Problem to work on
From the first line to the last, repeat the records exactly and skip the pictures.
-- Opening Marker --
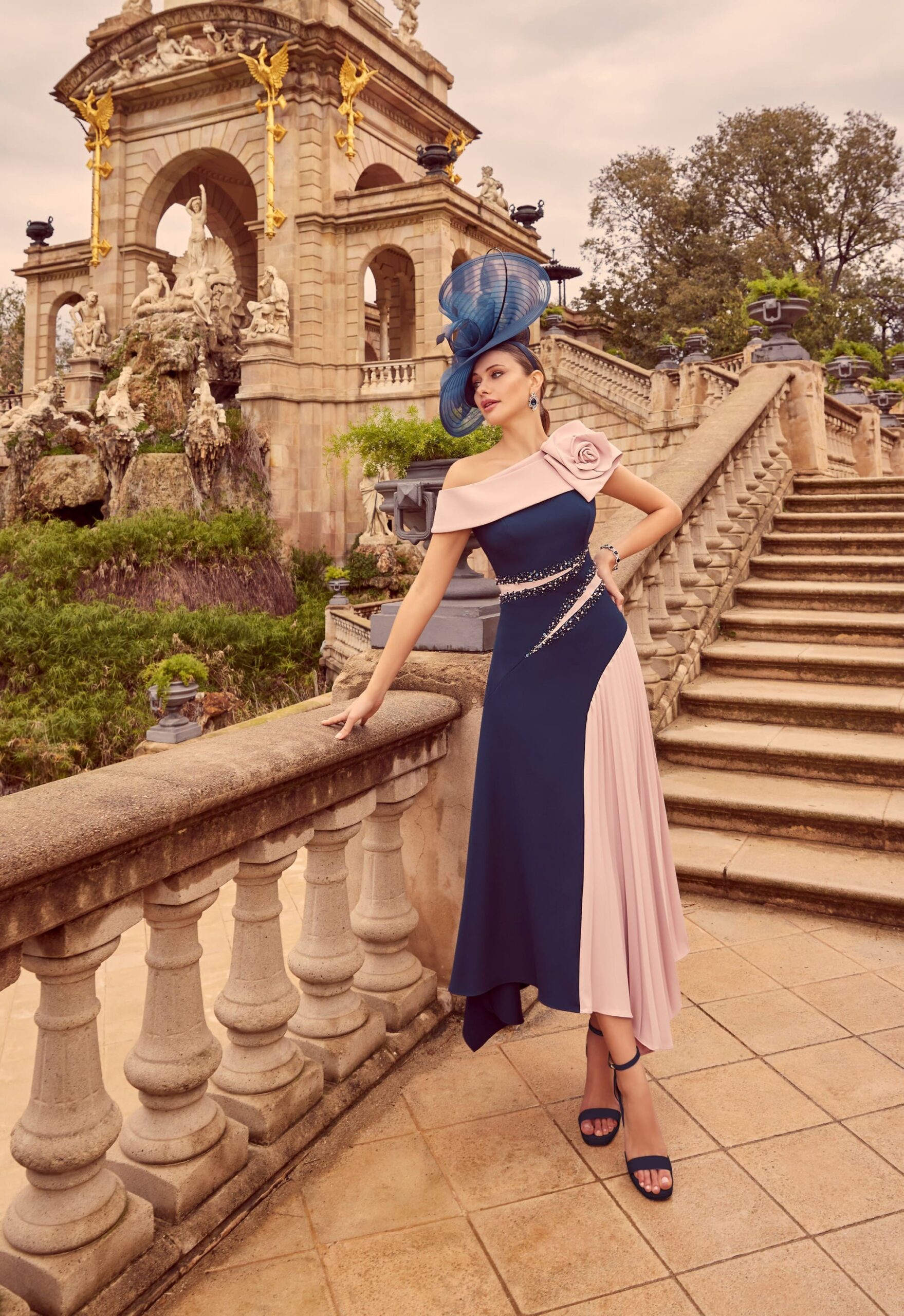 Vestido largo con escote asimétrico decorado con flor tridimensional en el hombro. Cuerpo entallado con cinturón joya y falda de doble tejido con panel plisado lateral. Tocado de gran volumen con base curva.
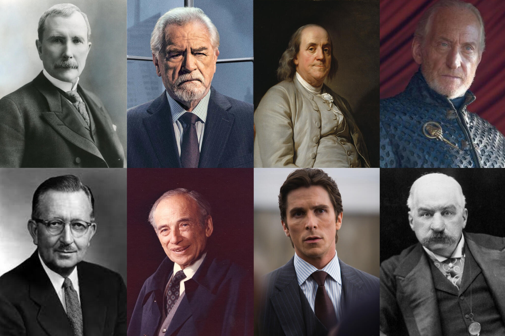 You can choose John D. Rockefeller, Thomas Rowe Price Jr., J.P. Morgan, Benjamin Graham, Ben Franklin, Logan Roy (Succession), Bruce Wayne (Batman), and Tywin Lannister (Game of Thrones). Each has their own investment strategy and personality.
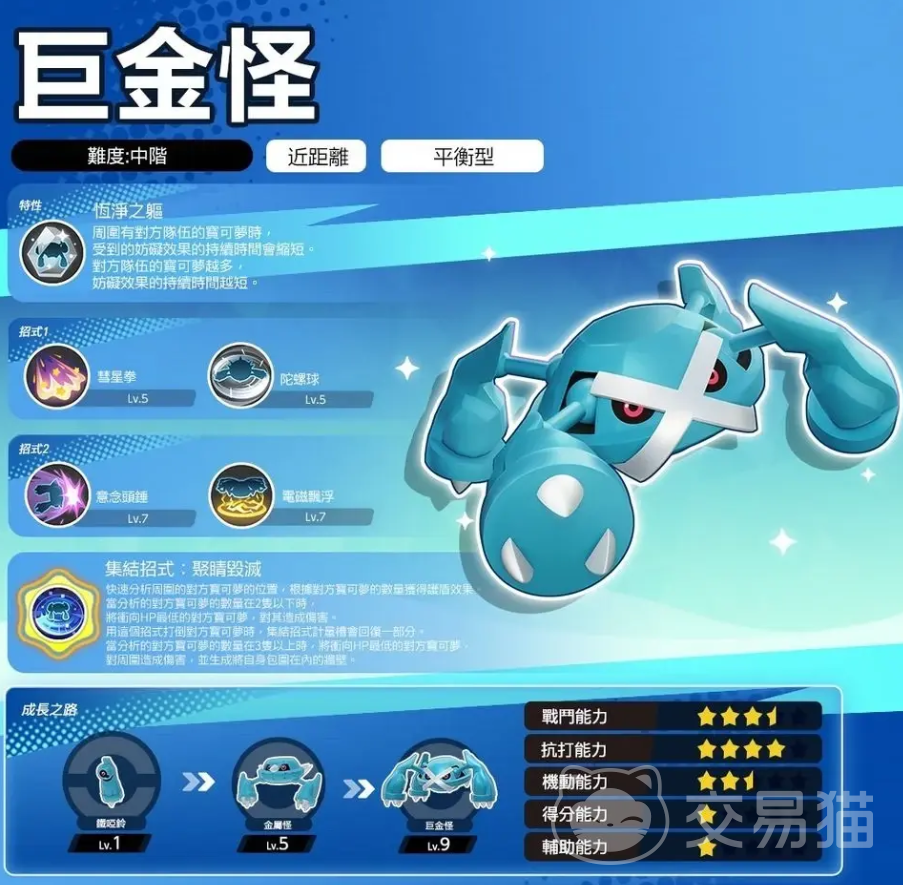 宝可梦大集结巨金怪我们今天就分享到这了,其实从它的技能设定以及玩法表现来看,是个实打实的后期战士型c位。在拥有资源之后的巨金怪在中后期可谓人挡杀人,但是前中期也是十分依赖队友的有效配合。只要发育起来的巨金怪无论是在对线、团战还是追击敌方宝可梦时,巨金怪都能成为我们致胜的关键所在。
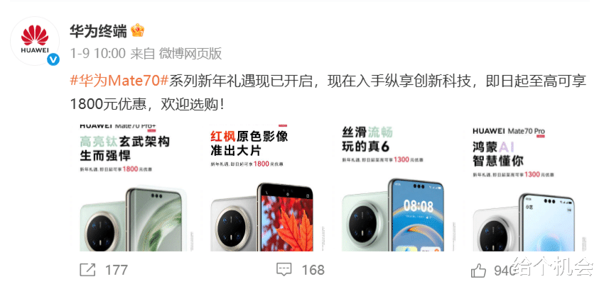 只不过华为mate 80系列的产品还是满足不了消费者,很多朋友想抢pro max版本到现在都没抢到,为了缓解这种压力,华为对mate 70系列进行大幅优惠降价,急需换华为旗舰手机的朋友也可以看看老款。
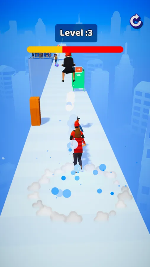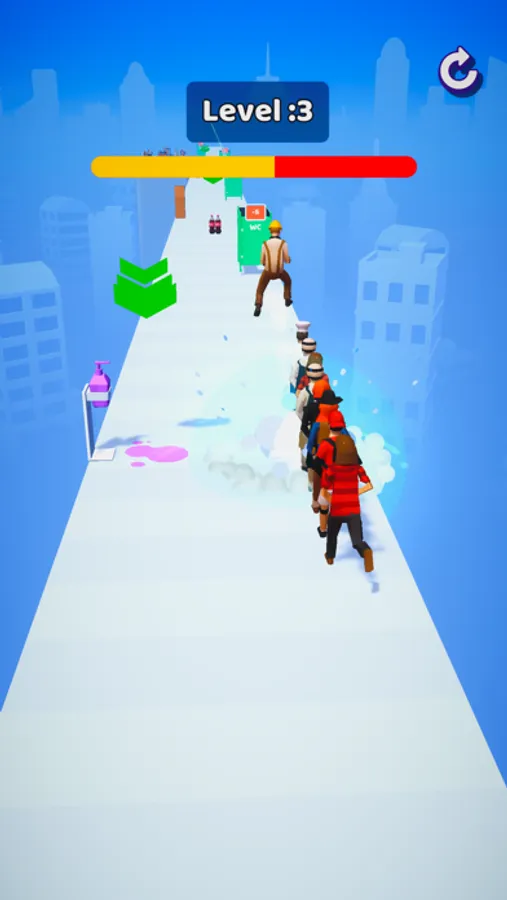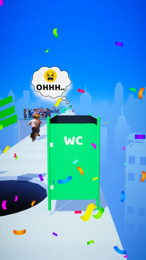 Everyone is getting ahead of you and the queue is getting longer and longer. Get rid of them all and reach bathroom !
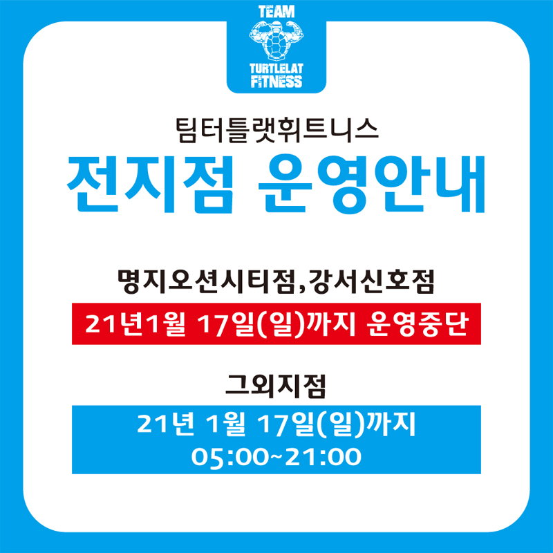 21년 1월 17일(일)까지 운영중단 됨을 알려드립니다.
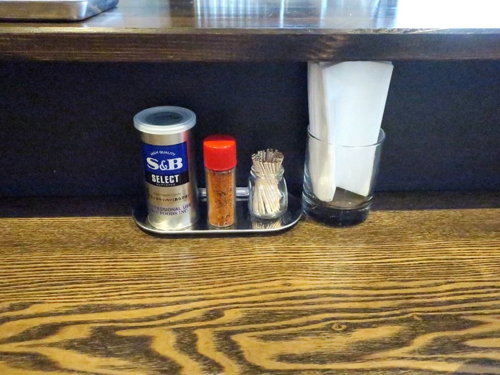 BGMはポップス。箸は洗い箸でエコ仕様。卓上調味料はS&Bブラックペッパー、七味唐辛子。
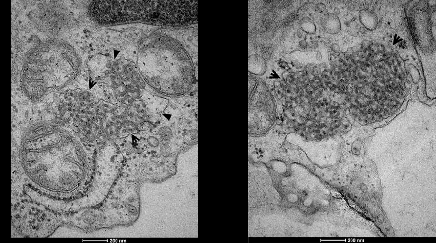 Tubuloreticular inclusions (TRIs) observed in monocytes (A) and macrophages (B) in renal biopsy samples collected from patients with juvenile systemic lupus erythematosus (jSLE). TRIs are indicated with arrows
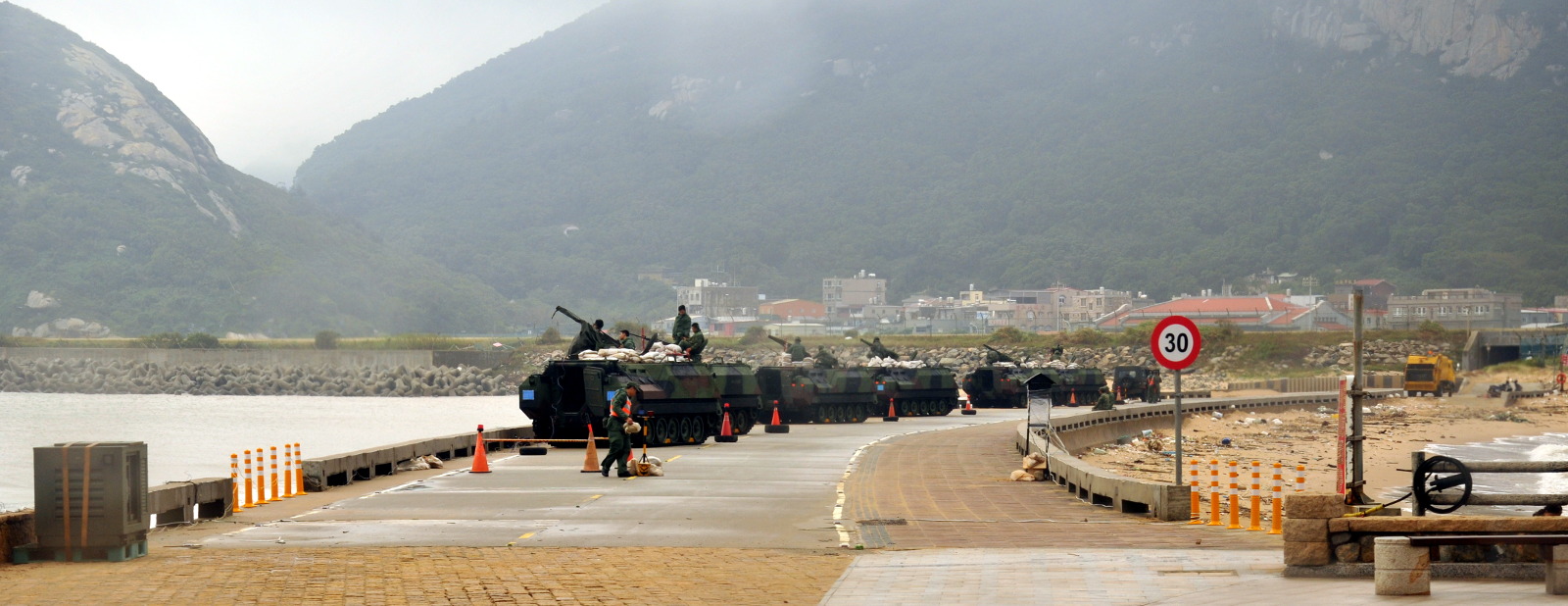Sei e tre quarti, usciamo, il solito tassista ci attende. Ci portera' a Houao passando sul ponte pieno di veicoli militari. A Houao ci sono dozzine di persone sedute alle panchine, residenti locali e turisti che abbiamo gia' incontrato a Nangan e che come noi stanno facendo il giro delle isole Matsu. Alle 19,30 iniziano i fuochi d'artificio... parte un bengala nella baia a sud del ponte, e si vedono proiettili traccianti partire dalla collina dietro Houau (quindi dall'estremita' orientale dell'isola) verso la baia (o oltre), poi silenzio mentre il bengala (per i non addetti: e' un dispositivo illuminante che scende lentamente e, appunto, illumina l'area circostante) continua a scendere, poi proiettili traccianti partono dai cingolati sul ponte. Si ripete varie volte con altri bengala, e alle 19,50 lo "spettacolo" finisce. Scopriro' poi che questa e' solo una prova generale prima delle esercitazioni vere di domani sera, che dureranno piu' a lungo e che non vedro' perche' domani dopo pranzo ripartiamo: torniamo in aereo a Taipei, sull'isola principale di Taiwan, per poi prendere un treno verso Hualien, sulla costa orientale.
-- Closing Marker --
Answer for the task
 Vestido largo con escote asimétrico decorado con flor tridimensional en el hombro. Cuerpo entallado con cinturón joya y falda de doble tejido con panel plisado lateral. Tocado de gran volumen con base curva.
 You can choose John D. Rockefeller, Thomas Rowe Price Jr., J.P. Morgan, Benjamin Graham, Ben Franklin, Logan Roy (Succession), Bruce Wayne (Batman), and Tywin Lannister (Game of Thrones). Each has their own investment strategy and personality.
 宝可梦大集结巨金怪我们今天就分享到这了,其实从它的技能设定以及玩法表现来看,是个实打实的后期战士型c位。在拥有资源之后的巨金怪在中后期可谓人挡杀人,但是前中期也是十分依赖队友的有效配合。只要发育起来的巨金怪无论是在对线、团战还是追击敌方宝可梦时,巨金怪都能成为我们致胜的关键所在。
 只不过华为mate 80系列的产品还是满足不了消费者,很多朋友想抢pro max版本到现在都没抢到,为了缓解这种压力,华为对mate 70系列进行大幅优惠降价,急需换华为旗舰手机的朋友也可以看看老款。
 Everyone is getting ahead of you and the queue is getting longer and longer. Get rid of them all and reach bathroom !
 21년 1월 17일(일)까지 운영중단 됨을 알려드립니다.
 BGMはポップス。箸は洗い箸でエコ仕様。卓上調味料はS&Bブラックペッパー、七味唐辛子。
 Tubuloreticular inclusions (TRIs) observed in monocytes (A) and macrophages (B) in renal biopsy samples collected from patients with juvenile systemic lupus erythematosus (jSLE). TRIs are indicated with arrows
Sei e tre quarti, usciamo, il solito tassista ci attende. Ci portera' a Houao passando sul ponte pieno di veicoli militari. A Houao ci sono dozzine di persone sedute alle panchine, residenti locali e turisti che abbiamo gia' incontrato a Nangan e che come noi stanno facendo il giro delle isole Matsu. Alle 19,30 iniziano i fuochi d'artificio... parte un bengala nella baia a sud del ponte, e si vedono proiettili traccianti partire dalla collina dietro Houau (quindi dall'estremita' orientale dell'isola) verso la baia (o oltre), poi silenzio mentre il bengala (per i non addetti: e' un dispositivo illuminante che scende lentamente e, appunto, illumina l'area circostante) continua a scendere, poi proiettili traccianti partono dai cingolati sul ponte. Si ripete varie volte con altri bengala, e alle 19,50 lo "spettacolo" finisce. Scopriro' poi che questa e' solo una prova generale prima delle esercitazioni vere di domani sera, che dureranno piu' a lungo e che non vedro' perche' domani dopo pranzo ripartiamo: torniamo in aereo a Taipei, sull'isola principale di Taiwan, per poi prendere un treno verso Hualien, sulla costa orientale.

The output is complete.